(Data records)
========================

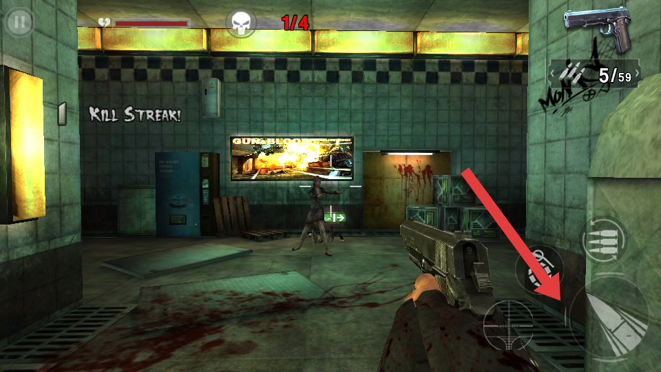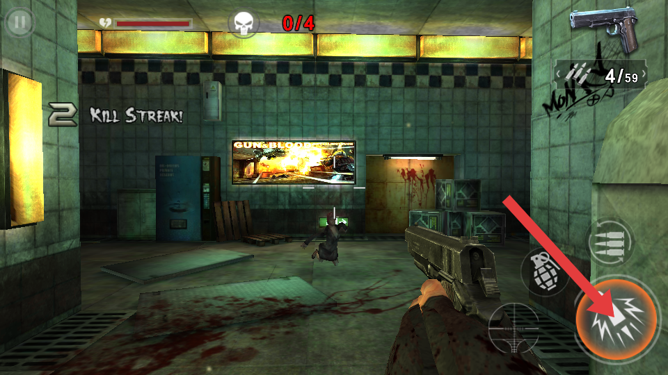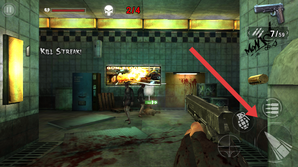 1、进入关卡,看到右侧的手雷的图标,点击可投掷手雷,清理前方聚集僵尸,注意手雷数量和冷却。
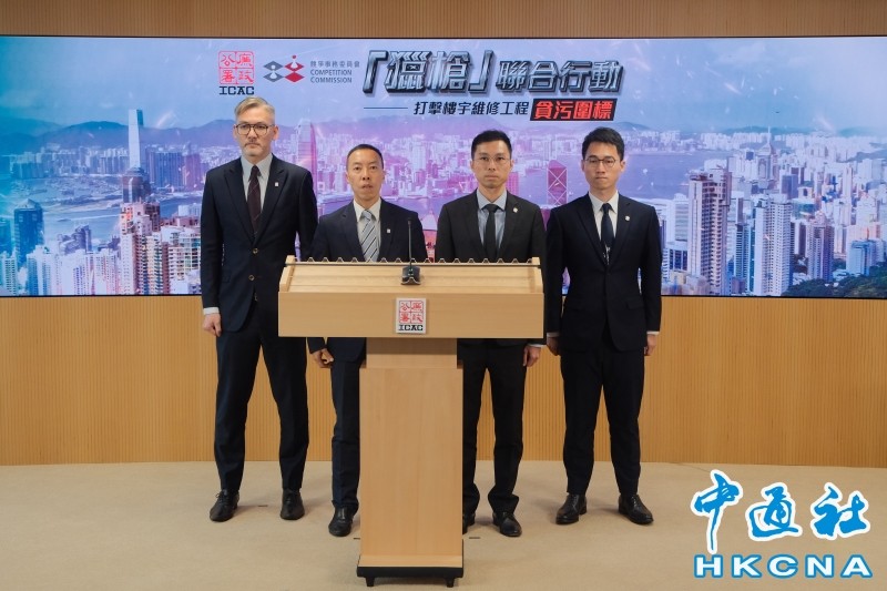 香港中通社8月26日電(記者 張明臻)香港廉政公署26日公佈,與競爭事務委員會一連兩日展開名為“獵槍”的聯合行動,打擊樓宇維修工程貪污和圍標行為。行動共拘捕5人,項目涉及兩個港島屋苑工程,涉1.4億港元維修合約。
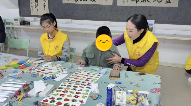 手工创作的过程,孩子们从握笔涂色时的力度控制,到剪裁贴纸的精准操作,再到粘贴装饰的层次搭配,一系列精细动作不仅锻炼了孩子们的手眼协调能力与专注力,更培养了他们的耐心与审美素养。志愿者老师全程陪伴互动,用“你设计的图案真有创意”“要不要试试搭配这个颜色”等鼓励性话语,充分激发孩子们的表达欲与创作热情,让每个孩子都能在实践中收获成就感。
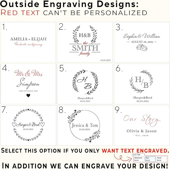 - Customized: this walnut wedding box can be engraved with various designs offered adding the couple's names, family name, and dates to make it unique. We’ll use the font style showcased in the photos. Additionally, it can be engraved inside, on the other lid's side, to create a surprise message for the recipient
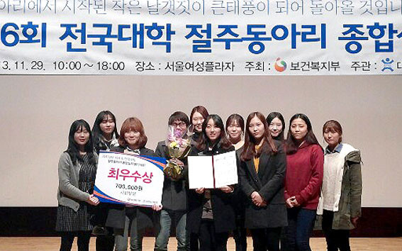 Áö³ 1¿ù 29ÀÏ ¼¿ï¿©¼ºÇÁ¶óÀÚ¿¡¼ º¸°Çº¹ÁöºÎ°¡ ÁÖÃÖÇÏ°í ´ëÇѺ¸°ÇÇùȸ°¡ ÁÖ°üÇÑ ¡®2013³â Á¦6ȸ Àü±¹´ëÇÐ ÀýÁÖµ¿¾Æ¸® Á¾ÇÕ½ÇÀû Æò°¡´ëȸ¡¯¿¡¼ ÀýÁÖµ¿¾Æ¸® »ç¾÷ºÎ¹® ÃÖ¿ì¼ö»óÀ» Â÷ÁöÇÑ °Í.
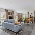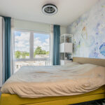 De woonkamer heeft grote ramen met deel inblindz, licht valt binnen en er is een vrij uitzicht over het groen van de polder en de stad. Twee deuren geven toegang tot het zonnige loggiabalkon op het noodoosten.
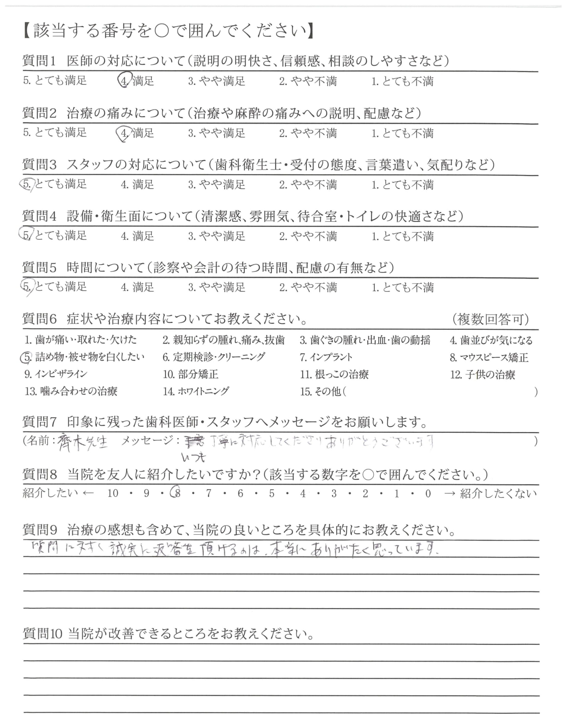 | 治療の痛みへの配慮 | ![]() ![]() ![]() ![]() 4.67 |
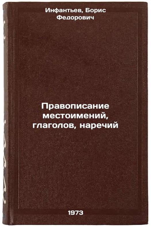 In Russian. Infantyev, Boris Fedorovich. The spelling of pronouns, verbs, and adverbs. Riga: 1973. Pravopisanie mestoimeniy, glagolov, narechiy. In Russian/The spelling of pronouns, verbs, and dialects. All images are for identification of editions only. Several books of the same edition may be available. Please feel free to request photos of available books. SKU6785362
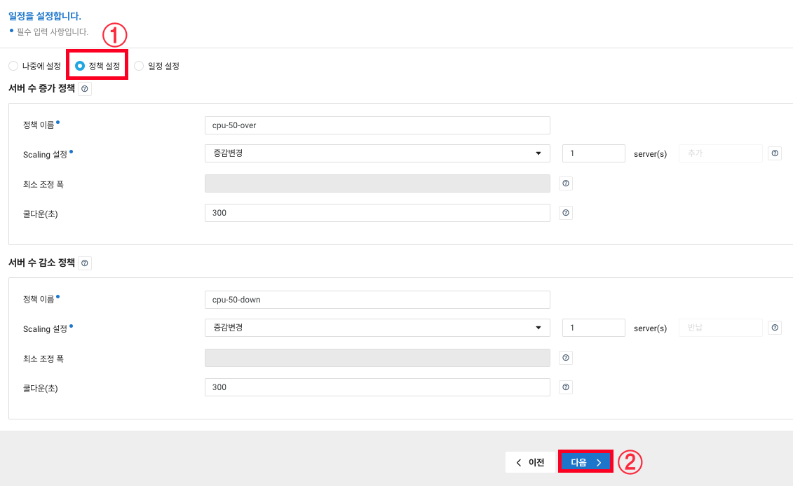 # 정책 설정은 특정 이벤트 발생 시 Auto Scaling을 수행하고, 일정 설정은 특정 시간대에 Auto Scaling을 수행합니다.
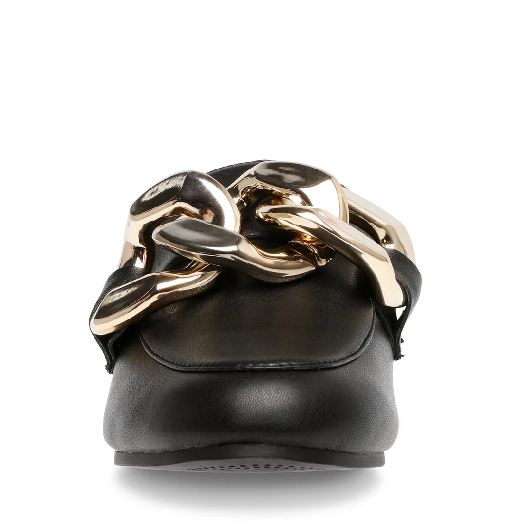 A gigantic chain link strap lends lighthearted luxury to this classic mule — a choice silhouette of the season and favorite of cool girls everywhere.
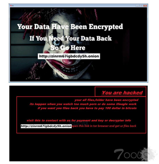 此外,勒索软件使用了硬编码的 AES-256 密钥加密文件,并将“(Lucifer)”字符串加到加密文件中。买家可以通过改变两个图像并添加定制的支付站点 URL 来完成安装,例如,一旦加密成功,image.png 就会变成(Lucifer)image.png。“任务完成”后 Halloware 勒索软件将会弹出窗口显示一个令人毛骨悚然的小丑与一条赎金消息引诱受害者重定向至另一暗网支付网站,并更改用户的桌面墙纸或进行其他恶意操作。
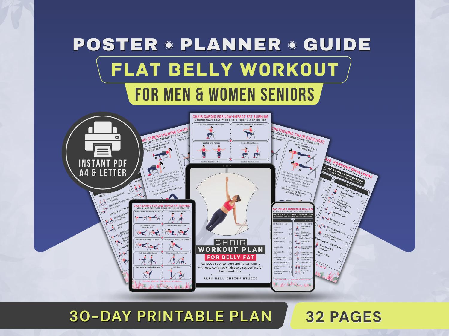 Chair Exercises for Belly Fat Poster, Flat Tummy Workout for Senior...

========================

--- WORK ORDER ---
Begin at the top of the records above and retype each line exactly until the line containing "手工创作的过程,孩子们从握笔", which is included. Skip all pictures.

--- EXERCISE RESPONSE ---
 1、进入关卡,看到右侧的手雷的图标,点击可投掷手雷,清理前方聚集僵尸,注意手雷数量和冷却。
 香港中通社8月26日電(記者 張明臻)香港廉政公署26日公佈,與競爭事務委員會一連兩日展開名為“獵槍”的聯合行動,打擊樓宇維修工程貪污和圍標行為。行動共拘捕5人,項目涉及兩個港島屋苑工程,涉1.4億港元維修合約。
 手工创作的过程,孩子们从握笔涂色时的力度控制,到剪裁贴纸的精准操作,再到粘贴装饰的层次搭配,一系列精细动作不仅锻炼了孩子们的手眼协调能力与专注力,更培养了他们的耐心与审美素养。志愿者老师全程陪伴互动,用“你设计的图案真有创意”“要不要试试搭配这个颜色”等鼓励性话语,充分激发孩子们的表达欲与创作热情,让每个孩子都能在实践中收获成就感。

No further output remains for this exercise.